* _Task input_:
+===+

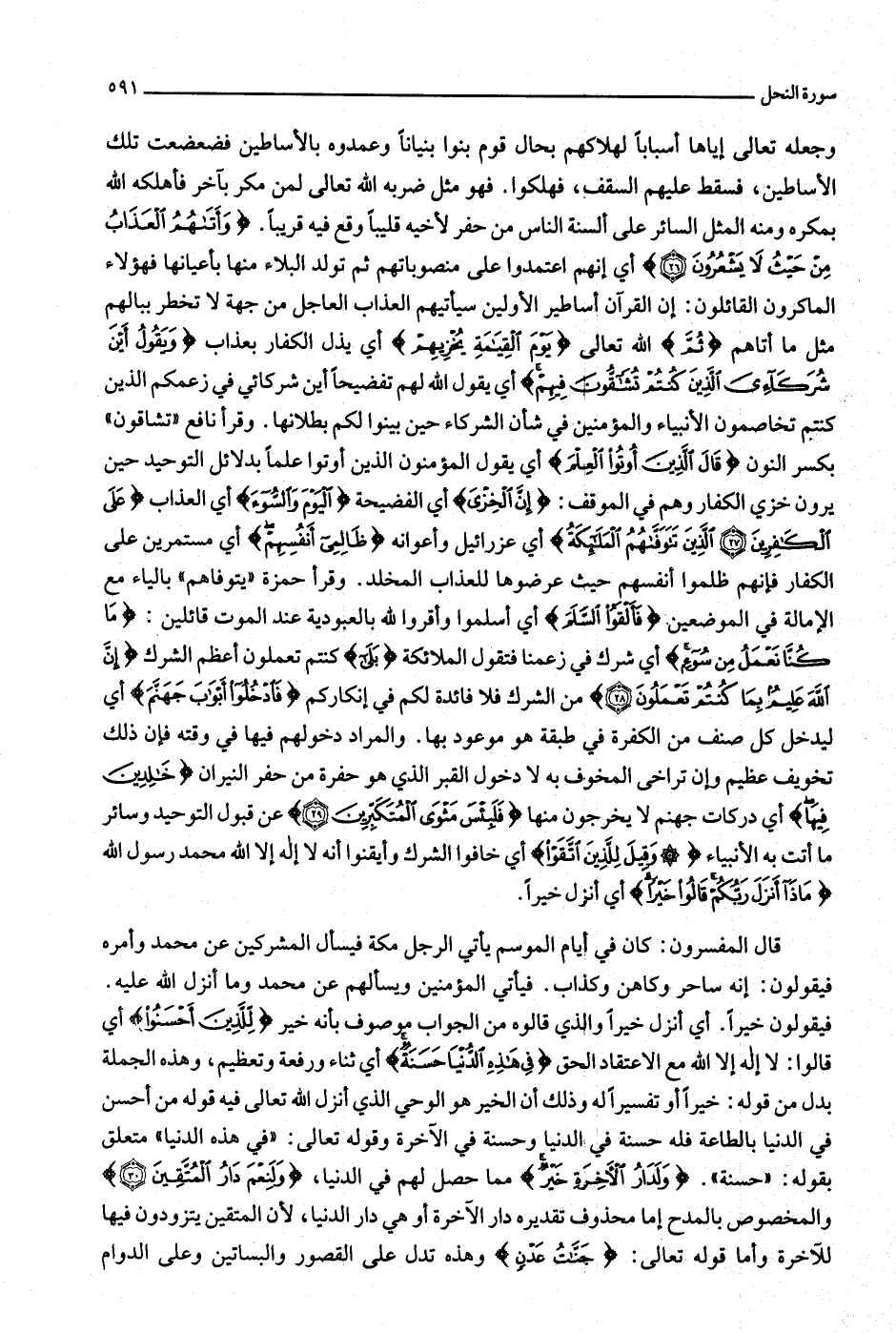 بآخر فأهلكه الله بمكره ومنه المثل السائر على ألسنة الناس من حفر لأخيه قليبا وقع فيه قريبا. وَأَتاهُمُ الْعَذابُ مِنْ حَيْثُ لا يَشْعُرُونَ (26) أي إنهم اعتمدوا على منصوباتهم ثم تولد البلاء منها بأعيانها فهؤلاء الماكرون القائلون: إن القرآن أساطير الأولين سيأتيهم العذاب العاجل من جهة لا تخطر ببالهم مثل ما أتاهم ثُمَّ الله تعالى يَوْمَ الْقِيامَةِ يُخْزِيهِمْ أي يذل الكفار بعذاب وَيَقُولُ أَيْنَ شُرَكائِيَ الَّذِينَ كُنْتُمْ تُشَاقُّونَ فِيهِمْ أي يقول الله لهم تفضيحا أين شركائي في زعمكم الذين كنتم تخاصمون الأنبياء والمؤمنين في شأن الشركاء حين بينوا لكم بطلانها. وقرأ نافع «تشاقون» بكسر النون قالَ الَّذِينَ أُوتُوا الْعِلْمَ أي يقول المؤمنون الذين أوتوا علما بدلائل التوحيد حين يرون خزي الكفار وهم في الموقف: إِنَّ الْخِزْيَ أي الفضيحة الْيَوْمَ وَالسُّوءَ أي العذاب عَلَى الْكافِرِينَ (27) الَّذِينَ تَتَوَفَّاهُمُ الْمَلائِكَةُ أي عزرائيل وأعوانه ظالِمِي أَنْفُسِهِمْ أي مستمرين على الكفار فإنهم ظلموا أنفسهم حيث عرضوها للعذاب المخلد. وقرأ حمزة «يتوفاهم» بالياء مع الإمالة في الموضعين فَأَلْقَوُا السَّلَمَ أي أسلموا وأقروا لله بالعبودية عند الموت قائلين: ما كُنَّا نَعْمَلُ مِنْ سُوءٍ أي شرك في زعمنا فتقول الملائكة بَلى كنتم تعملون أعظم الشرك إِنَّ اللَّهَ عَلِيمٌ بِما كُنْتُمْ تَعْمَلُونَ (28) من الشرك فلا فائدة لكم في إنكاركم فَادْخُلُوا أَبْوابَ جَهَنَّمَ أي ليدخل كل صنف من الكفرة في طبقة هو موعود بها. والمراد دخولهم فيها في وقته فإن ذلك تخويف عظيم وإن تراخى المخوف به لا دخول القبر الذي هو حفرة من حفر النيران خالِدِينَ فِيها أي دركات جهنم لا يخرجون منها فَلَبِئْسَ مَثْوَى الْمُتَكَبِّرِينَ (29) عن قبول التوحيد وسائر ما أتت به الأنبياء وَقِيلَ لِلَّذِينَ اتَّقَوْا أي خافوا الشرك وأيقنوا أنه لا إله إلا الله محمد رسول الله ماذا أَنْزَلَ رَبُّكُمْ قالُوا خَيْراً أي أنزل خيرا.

+===+

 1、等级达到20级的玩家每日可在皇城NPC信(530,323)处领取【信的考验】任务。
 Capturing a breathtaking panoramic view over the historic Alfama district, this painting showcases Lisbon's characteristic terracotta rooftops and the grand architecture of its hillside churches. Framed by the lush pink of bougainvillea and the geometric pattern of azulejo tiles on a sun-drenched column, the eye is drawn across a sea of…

+===+

* _Prompt_: When you reach the line containing "1、等级达到20级的玩家每日" in the data above, start copying exactly, and stop after the line containing "Capturing a breathtaking".

* _Task result_:
 1、等级达到20级的玩家每日可在皇城NPC信(530,323)处领取【信的考验】任务。
 Capturing a breathtaking panoramic view over the historic Alfama district, this painting showcases Lisbon's characteristic terracotta rooftops and the grand architecture of its hillside churches. Framed by the lush pink of bougainvillea and the geometric pattern of azulejo tiles on a sun-drenched column, the eye is drawn across a sea of…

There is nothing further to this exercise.